Implementation Notes

Very large file support -> stream reading files
- this could cause many slow-downs
#begin_ blocks could cause a problem
Tables
Agendas? Calendar?
meta data
- stored with the element?
- could be used to assist mapping (i.e. UIDs)
need to support writing certain text in different encoding
need to be able to add and remove features / rule conservatism
- mapping conservatism
- this will automatically affect change detection
  - will rules be needed for this?
- change merging rules
there will be some user defined values that are not defined in this file
are there any other org-mode rules that wont be in the file?

What I don’t have to do

detection of file name changes

Potential Problems

Commit and Merge timing problems

A merge will always be the same for two files. However, the order of mergin and branching can sometimes produce different files. This problem stems from the fact that ‘diff’ is the difference between two repository states, and merges aren’t transitive across a branches history. http://r6.ca/blog/20110416T204742Z.html

example master and branch

edit branch edit master merge master -> branch edit master merge master -> branch

can produce different results from a merge than

edit branch edit master edit master merge master -> branch

how to combat?

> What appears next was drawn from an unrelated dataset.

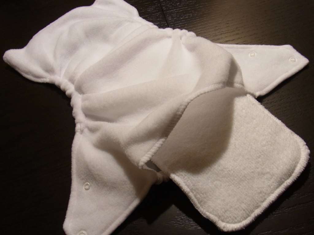 前回ご紹介したのとは別に、もう一つ、一体型と括ることができる種類があります。これは、紙おむつを布で作ってみた、という感じでしょうか。できるだけ手間を省きたい、というアメリカっぽい発想だなぁって思いました。
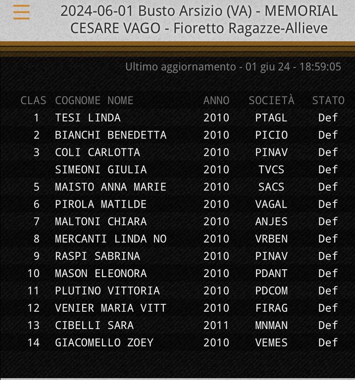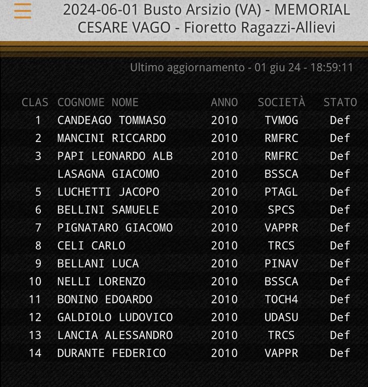 I migliori fiorettisti d'Italia in una gara appassionante a Busto Arsizio per omaggiare Cesare Vago. Il ricordo del presidentissimo della Pro Patria Scherma è stato il carburante di una manifestazione che ha mostrato oggi i frutti dell'impegno incessante di Cesare, scomparso l'anno scorso (LEGGI QUI): la squadra incredibile che è questa società a tutto campo. Non solo cioè gli atleti e i maestri, ma l'intero staff: se c'è stata un'assistenza al top, è avvenuto anche per i familiari degli sportivi che hanno svolto con la consueta dedizione il lavoro per la perfetta riuscita della "prima" di questa manifestazione.

I think that this can be combated by keeping unique IDs for headings, like in mobile org.

caveats? what if someone is relying on the non-transitive behavior? (i don’t know how)

Prototype

Parsing

elements: the only element in the prototype is headlines
headlines
- identified by a newline staring with stars and ending with a space
- headline level is the number of stars
- following text is the title
everything not in a title is in the text
- text in the prototype is not its own element, just a property of the heading
the file is parsed into a tree
- with all headings considered a subheading, top level headings are a subheading of the document
if a heading level is skipped (i.e. going from * to ***) it is still a child of the other
headings are all assumed to be unordered
the entire file is loaded into memory and must remain until an org_document no longer needs to exist

Mapping

mapping is the process of matching two headings in a file
a mapping can represent indistinguishable elements
it is expected that as the files are processed, they will change into
mappings are stored in a hiearchy, with the same as the elements
mapping happens with a locality heurisitic

Changes

detected by matching a heading title exactly
measuring changes from the ancestor to each of the new files
each heading will have 2 pointers to changes that affect them
if there are 2 changes to a heading, then there is a conflict
if there are two headings of the same name, it will always produce a conflict (should this be implemented?) when removing, or when 2 change text
every heading which is indistinguishable must have headings
changes are ‘add heading’, ‘remove heading’, ‘change text’
a heading must be in the same place
changes are actually applied when the document is printed to a file
- conflict messages are automatically inserted

Changes

There are only basic changes for unordered lists implemented:
Add heading
- when a new heading has been added to the current spot
Remove heading
Modify text
Move a heading

Difference Detection

use the same difference detection algorithm used in the UNIX diff program[fn:4] for ordered lists

Output

-

Org-merge-tool

Org-Mode Data Representation

Elements below a heading will be considered unordered
Numbered list
- Identified as a whole if it matches exactly

Org-mode Document Elements

Headlines

Headings will be considered unordered trees
- A heading will be matched by its UID if it has one
- headings will be matched by their title otherwise
Never ordered
- Keywords not apart of the name

Keywords

TODO, user defined, properties
perfile keywords #+TODO:

What is a perfile

Cookies: [#A]

always in square brackets?
Always in headings?
[#A], [0%], [0/0]

Plain lists

within an outline tree entry
unordered (start with ‘-‘, ‘+’, ‘*’ as bullets)
ordered (numeral followed by
description (i.e. ::) (considered unordered items)
ends at two blank lines or less indented
must have the same indentation level
can have checkboxes

Blocks #BEGIN_.. blocks

#+STARTUP

Drawers

:DRAWERNAME: this dra :END:
time stamp note in a drawer (C-c C-z)
drawers need to be defined in variable org-drawers
- or by file basis: #+DRAWERS: HIDDEN PROPERTIES STATE
PROPERTIES for properties

Properties

always in PROPERTIES drawer

Can Properties be consolidated with drawers?

Timestamps

in < > or [ ] brackets at the end of a headline
- Can actually be placed almost anywhere
- Can be inside

Footnotes

[[fn:2]
[fn:1] footnotes!
footnote inline definitions[fn:3]
- [fn:: this is inline]
there is a function to automatically
footnote defintions do not need to be ordered
- see org-footnote-auto-label

Tables (needs more work)

table row order might matter
’/’ must be first field,
- only 1?
Table references will be updated to match

Define Table Elt

Calculations? Exist?

Hooks?

org-footnote-auto-adjust fixes footnote defintion order

Command Line Interface

The cli will be written using argp and will conform to the gnu standards. Existing mergetool interfaces will be used a basis.

Options

Command Line Output

File Output

Merge Strategies

TODO-List

Lexer

Responsibilities

The Lexer is responsible for:

Complete Analysis of the input files
- There is no longer any parser preforming intermediate analysis.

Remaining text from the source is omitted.